▸ **Records for this task**
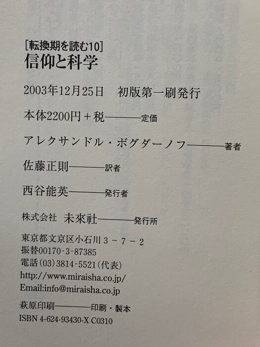 タイトル:信仰と科学 (転換期を読む 10) 未来社 アレクサンドル ボグダーノフ
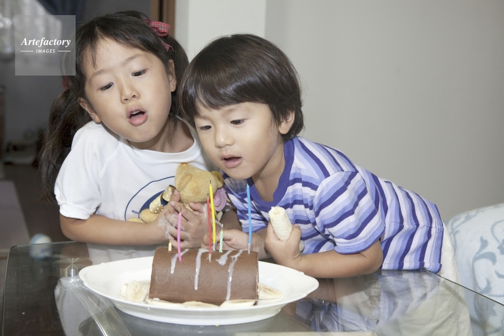| 作品タイトル | 火を吹き消す6歳女児と3歳男児 | モデルリリース | あり | |
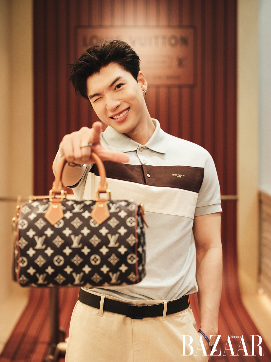 Bước vào tầng hai, HIEUTHUHAI dừng khá lâu ở Keepall Lobby. Chiếc Keepall, biểu tượng ra đời từ năm 1930, được trưng bày như trung tâm của một sảnh khách sạn cổ điển. Anh chạm tay lên lớp Monogram Canvas và nói vui rằng đây là kiểu túi “nhìn là muốn xách đi đâu đó ngay lập tức”. Ở khu Speedy P9 Safe Room bên cạnh, phiên bản Speedy tái diễn giải dưới góc nhìn đương đại khiến anh đặc biệt ấn tượng với quy trình chế tác hàng trăm công đoạn. “Nhìn thì quen, nhưng càng nghe kể mới thấy độ công phu phía sau”, anh chia sẻ.
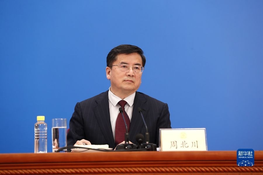 3月3日,全國政協(xié)十三屆五次會議召開新聞發(fā)布會。大會新聞發(fā)言人郭衛(wèi)民向中外媒體介紹本次大會有關(guān)情況并回答記者提問。圖為新聞發(fā)布會主持人周北川。新華網(wǎng)記者 焦鵬 攝
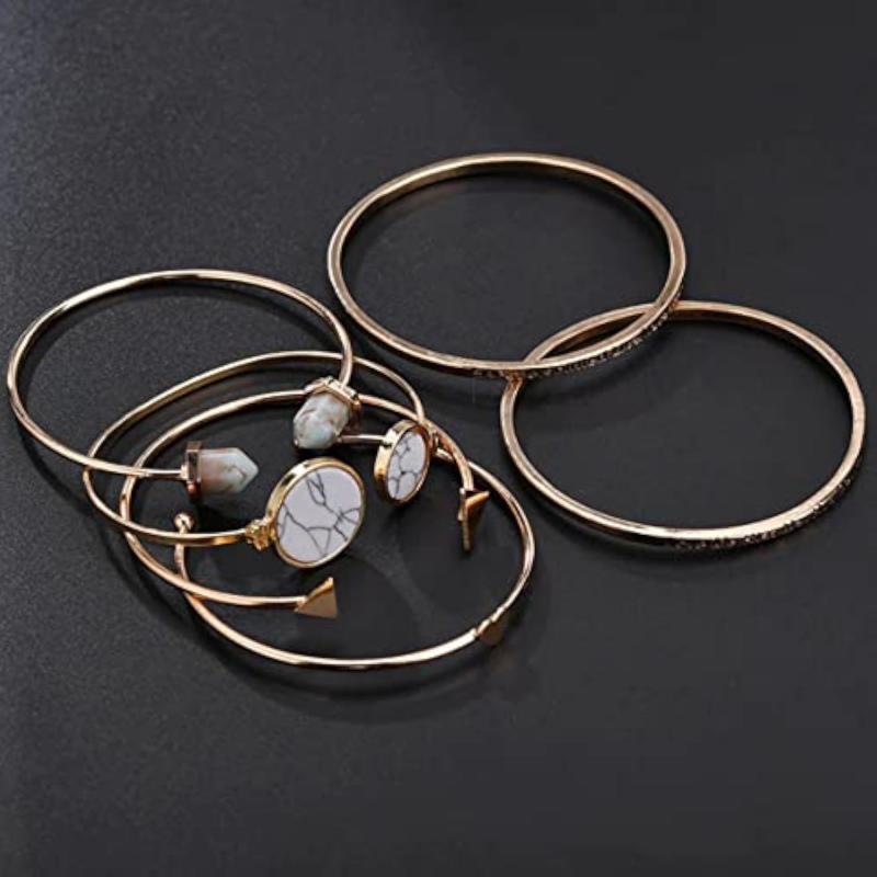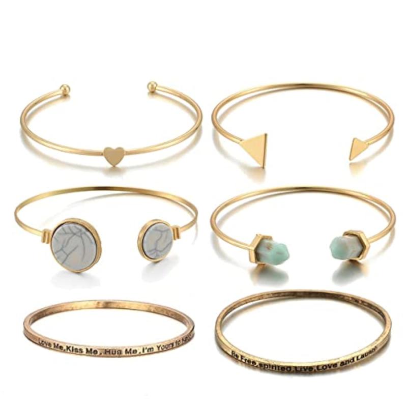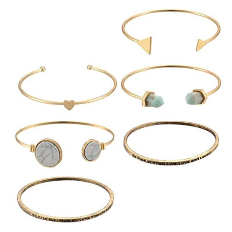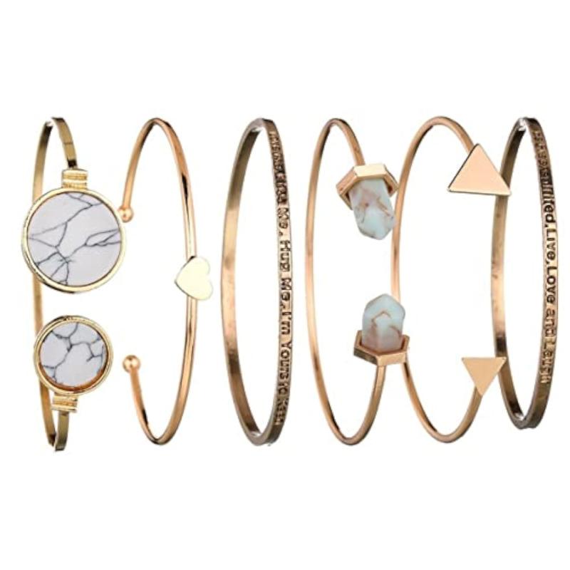 Elevate your style with this set of 6 contemporary stackable bracelets featuring inspirational quotes. These bracelets are perfect for adding a touch of positivity and style to your everyday look.
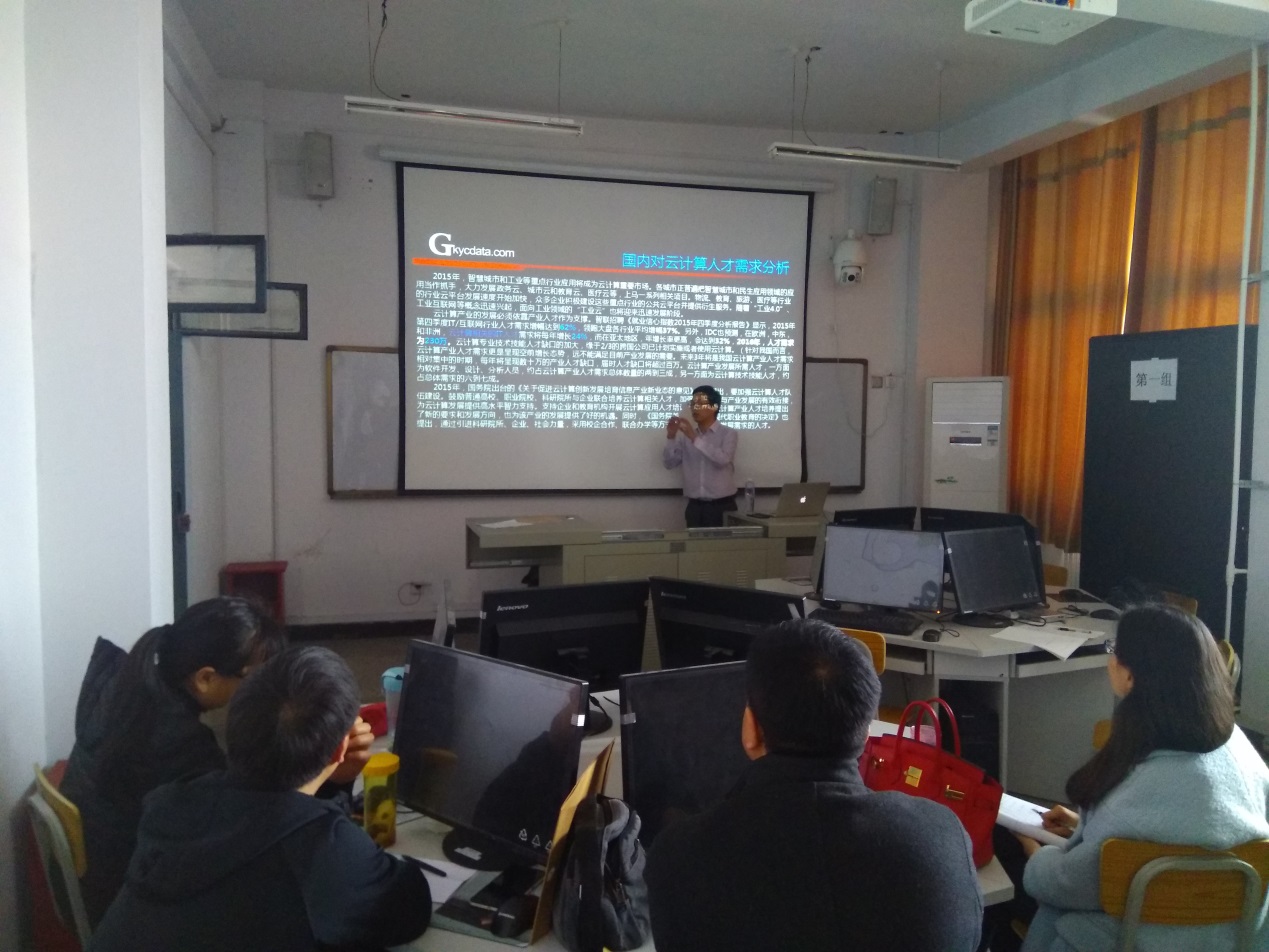3月21日下午2:30,网络教研室邀请北京高科云创公司技术人员李彦亮老师在科技楼412教室作了一场主题为《云计算专业发展趋势及人才要求分析》的报告。报告由网络教研室主任吕琼帅老师主持,网络教研室全体教师参加了此次活动。

▸ **Activity**
A verbatim copy of every record is to be produced, and pictures are to be excluded from it.

▸ **Task answer**
 タイトル:信仰と科学 (転換期を読む 10) 未来社 アレクサンドル ボグダーノフ
| 作品タイトル | 火を吹き消す6歳女児と3歳男児 | モデルリリース | あり | |
 Bước vào tầng hai, HIEUTHUHAI dừng khá lâu ở Keepall Lobby. Chiếc Keepall, biểu tượng ra đời từ năm 1930, được trưng bày như trung tâm của một sảnh khách sạn cổ điển. Anh chạm tay lên lớp Monogram Canvas và nói vui rằng đây là kiểu túi “nhìn là muốn xách đi đâu đó ngay lập tức”. Ở khu Speedy P9 Safe Room bên cạnh, phiên bản Speedy tái diễn giải dưới góc nhìn đương đại khiến anh đặc biệt ấn tượng với quy trình chế tác hàng trăm công đoạn. “Nhìn thì quen, nhưng càng nghe kể mới thấy độ công phu phía sau”, anh chia sẻ.
 3月3日,全國政協(xié)十三屆五次會議召開新聞發(fā)布會。大會新聞發(fā)言人郭衛(wèi)民向中外媒體介紹本次大會有關(guān)情況并回答記者提問。圖為新聞發(fā)布會主持人周北川。新華網(wǎng)記者 焦鵬 攝
 Elevate your style with this set of 6 contemporary stackable bracelets featuring inspirational quotes. These bracelets are perfect for adding a touch of positivity and style to your everyday look.
3月21日下午2:30,网络教研室邀请北京高科云创公司技术人员李彦亮老师在科技楼412教室作了一场主题为《云计算专业发展趋势及人才要求分析》的报告。报告由网络教研室主任吕琼帅老师主持,网络教研室全体教师参加了此次活动。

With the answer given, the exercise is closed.